The gunman was identified as 42-year-old Li Zhongren (李中仁), whose name was also rendered as Lee Zhong Ren. Li, a Chinese national of Korean descent, was previously a garment worker in As Lito for Rifu Corp. and Kyung Seung Co. Ltd. In 2008, he became a marketing representative for Rifu and was transferred to Kannat Tabla Shooting Range. The same year, Li filed a labor case against the shooting range's owner, Augustin C. Deleon Guerrero, over unpaid wages, which was decided in favor of Deleon Guerrero in May 2009. Shortly after, Deleon Guerrero died and in early 2009, the shooting range closed down. Since then, Li had been living at the shooting range as the site's caretaker. He was known to have voiced discontent over his failed attempts at opening another shooting range. An acquaintance stated that Li was "troubled with his labor status", but otherwise maintained a regular social life. The van he traveled in during the shootings was still registered to his deceased employer. The rifles used in the shootings are believed to have been taken from the shooting range.

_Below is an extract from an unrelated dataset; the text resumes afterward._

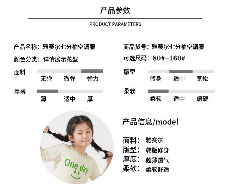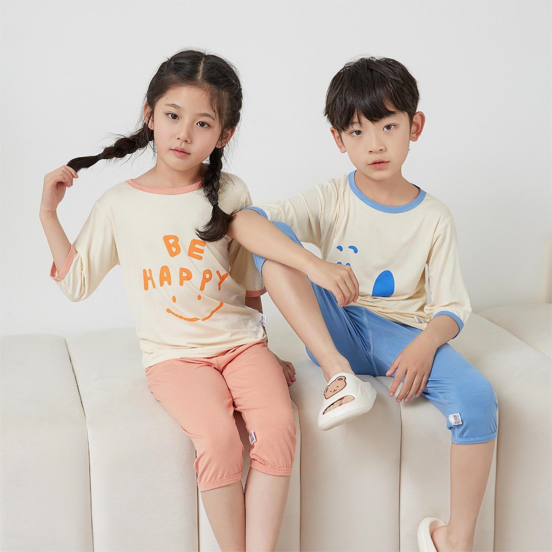 【限量抢,莫代尔升级款更舒适】2024儿童雅赛尔家居服,夏季薄款男童女宝雅赛尔七分袖套装宝宝休闲A类空调服

It had been reported that he left a written note, variously described as a suicide note or last will, which stated "Negotiations for business have failed". Police officials believed that the shootings, reported as premeditated, were sparked by a frustration over financial issues.

While Li's identity was confirmed the day of the shooting, Saipan authorities initially only described the shooter as "a contract worker in his 30s or 40s from Asia". The Pacific News Center reported Li's name and identity the same day. Following initial difficulties, Li's family were notified by Saipan police through the Consulate-General of China, Los Angeles, whereupon it was agreed to have Li's remains returned to Heilongjiang.

== Investigation ==
The FBI and ATF took charge in determining the motive. South Korean government officials had already discounted terrorism as a factor.

== Reactions ==
The Governor of the Northern Mariana Islands Benigno Fitial said of the shooting, "My heart and prayers go out to the families and friends of the victims in today's shooting and most especially to those that were fatally wounded. The commonwealth has never experienced a tragic situation like this, and we are saddened by the appalling action of a single individual that has caused so much harm to our peaceful island community." Saipan Congressman Gregorio Sablan also commented, "The security we take for granted in our island homes has been broken by this senseless act of violence." Lieutenant Governor of the Northern Mariana Islands, Eloy Inos, told reporters, "This is an unfortunate but isolated incident. It happened for reasons unbeknownst to us, but we can handle this type of situation." Following the announcement that South Korean tourists were among the injured, this led to fears that tourism rates would drop at Saipan. Schools across the island were shut down for the day out of safety concerns.